Data provided section start
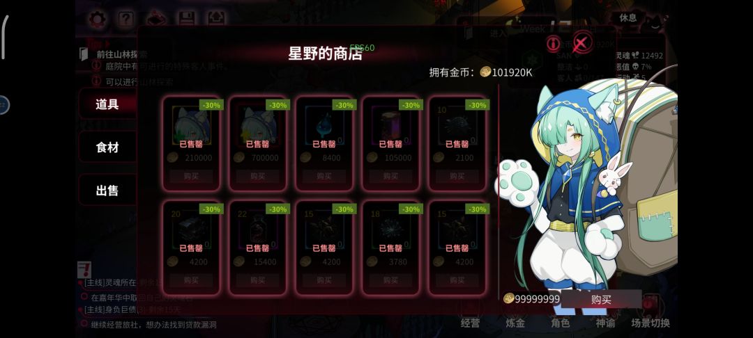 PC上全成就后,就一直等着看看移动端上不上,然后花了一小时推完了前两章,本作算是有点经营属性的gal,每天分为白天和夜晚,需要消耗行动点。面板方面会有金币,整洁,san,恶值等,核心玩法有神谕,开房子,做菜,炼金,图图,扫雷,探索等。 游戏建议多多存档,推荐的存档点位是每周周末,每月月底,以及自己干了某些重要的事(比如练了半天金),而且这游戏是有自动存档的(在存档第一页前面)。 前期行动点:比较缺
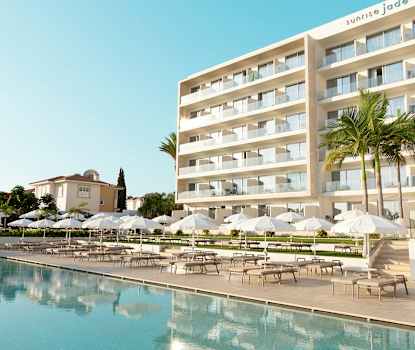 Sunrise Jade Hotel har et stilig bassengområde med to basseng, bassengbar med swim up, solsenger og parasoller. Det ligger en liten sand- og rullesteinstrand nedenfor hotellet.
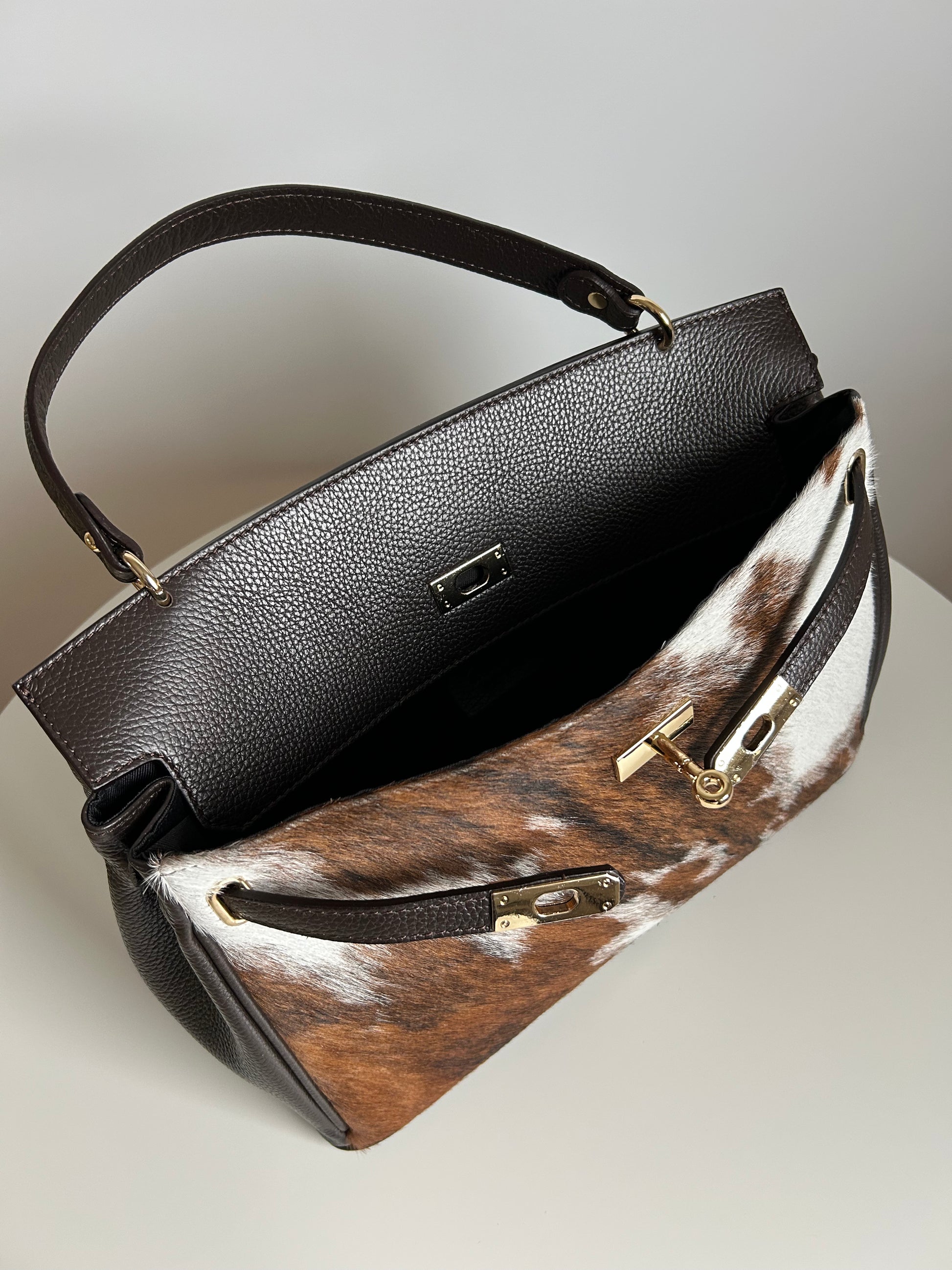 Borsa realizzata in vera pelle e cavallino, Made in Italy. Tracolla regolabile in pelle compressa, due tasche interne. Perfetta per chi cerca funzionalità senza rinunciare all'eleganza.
Data provided section end
- Description of the task:
Without any of its pictures, the listing is to be repeated exactly as it stands.

- Task solution:
 PC上全成就后,就一直等着看看移动端上不上,然后花了一小时推完了前两章,本作算是有点经营属性的gal,每天分为白天和夜晚,需要消耗行动点。面板方面会有金币,整洁,san,恶值等,核心玩法有神谕,开房子,做菜,炼金,图图,扫雷,探索等。 游戏建议多多存档,推荐的存档点位是每周周末,每月月底,以及自己干了某些重要的事(比如练了半天金),而且这游戏是有自动存档的(在存档第一页前面)。 前期行动点:比较缺
 Sunrise Jade Hotel har et stilig bassengområde med to basseng, bassengbar med swim up, solsenger og parasoller. Det ligger en liten sand- og rullesteinstrand nedenfor hotellet.
 Borsa realizzata in vera pelle e cavallino, Made in Italy. Tracolla regolabile in pelle compressa, due tasche interne. Perfetta per chi cerca funzionalità senza rinunciare all'eleganza.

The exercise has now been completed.